Zio Framework implement NioScheduler Blog (Zio框架實作NioScheduler取代Takio難點紀錄)

English version first. 中文版本請見下半部 (跳到中文版).

Background

In late 2024, the ZIO project opened issue #9356 with a $2,500 bounty: re-implement ZIO’s task scheduler using the design ideas from Nio, a 150-line experimental Rust runtime that claimed to outperform Tokio’s work-stealing scheduler on several benchmarks by replacing the random-stealing strategy with a “least-loaded worker” dispatch.

I picked up this bounty in February 2026. My background is Node.js + C/C++ system programming, not JVM. After three months of implementation, benchmarking, and reading other contributors’ attempts, I concluded that the bounty as literally specified is structurally hard to deliver on the JVM, and the difficulty is not algorithmic — it is a memory-model and architectural mismatch. This post is a retrospective for myself, and a reference for anyone considering the same problem.

Outline

What Nio actually does
ZIO’s existing ZScheduler and why it’s not a simple swap
My approach: LRU/LFU WorkerActivityTracker
Why it hit a ceiling: three structural problems
- JVM doesn’t give you Nio’s tools
- “Minimal intervention” and Nio’s design are mutually exclusive
- The benchmark suite is a multi-axis trap
Hardware reality: SMP / NUMA / cache topology
A C reference implementation of the lock-free idea
What I would do differently
A note on LLM-generated bounty submissions

What Nio actually does

Nio’s scheduling decision is one line:

1
2
3

fn least_loaded_worker(&self) -> &Worker {
    self.workers.iter().min_by_key(|q| q.len.get()).unwrap()
}

Submit a task → scan all workers → pick the one with the shortest queue → push via an MPSC channel. No global queue. No work stealing. No CAS-heavy bookkeeping. The entire scheduler is ~150 lines.

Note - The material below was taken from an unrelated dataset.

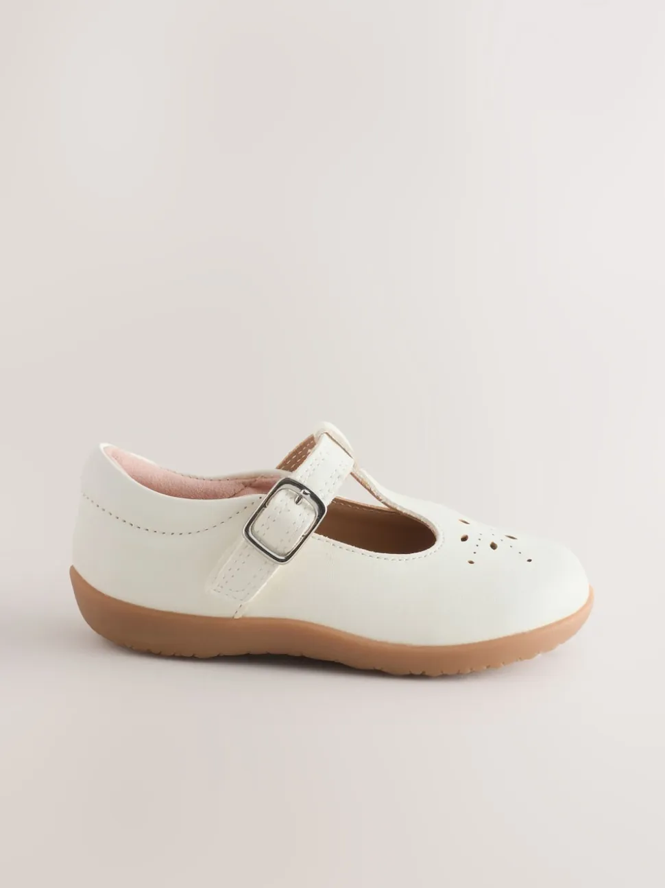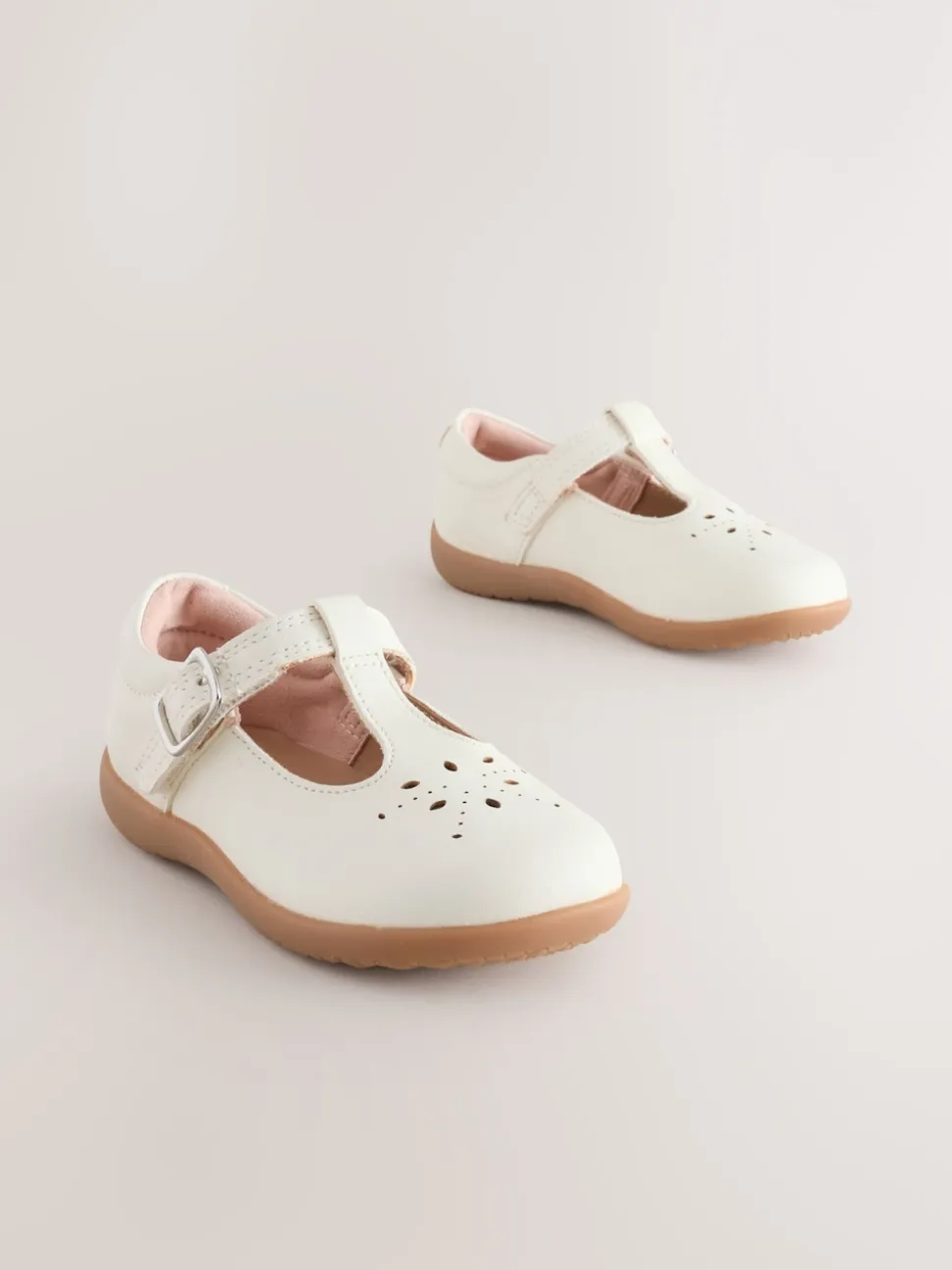 Cuir blanc – Chaussures premiers pas avec barre en T à fermeture par contact

This works in Rust because:

The MPSC channel is wait-free on the producer side.
Each worker’s queue length counter sits in its own cache line — no false sharing.
The worker struct’s memory layout is under your direct control (#[repr(align(64))]).
There’s no GC writing card marks across your “padding.”

Remove any one of these and the design degrades fast.

ZIO’s existing `ZScheduler`

ZIO’s scheduler is a JVM port of Tokio-style work-stealing:

Each worker has a local deque.
A globalQueue absorbs overflow / external submissions.
Idle workers enter searching mode and randomly probe peers to steal.
A Supervisor watches opCount to detect blocked workers and replace them.

The synchronization primitives are synchronized blocks, AtomicInteger, ConcurrentLinkedQueue, LockSupport.park/unpark.

This is not a stupid design — it’s exactly what production JVM concurrent runtimes (ForkJoinPool, Loom, Akka dispatcher) all converge on, because it plays well with the JVM’s actual cost model: cheap allocation, expensive cache misses on object headers, GC barriers on every reference write.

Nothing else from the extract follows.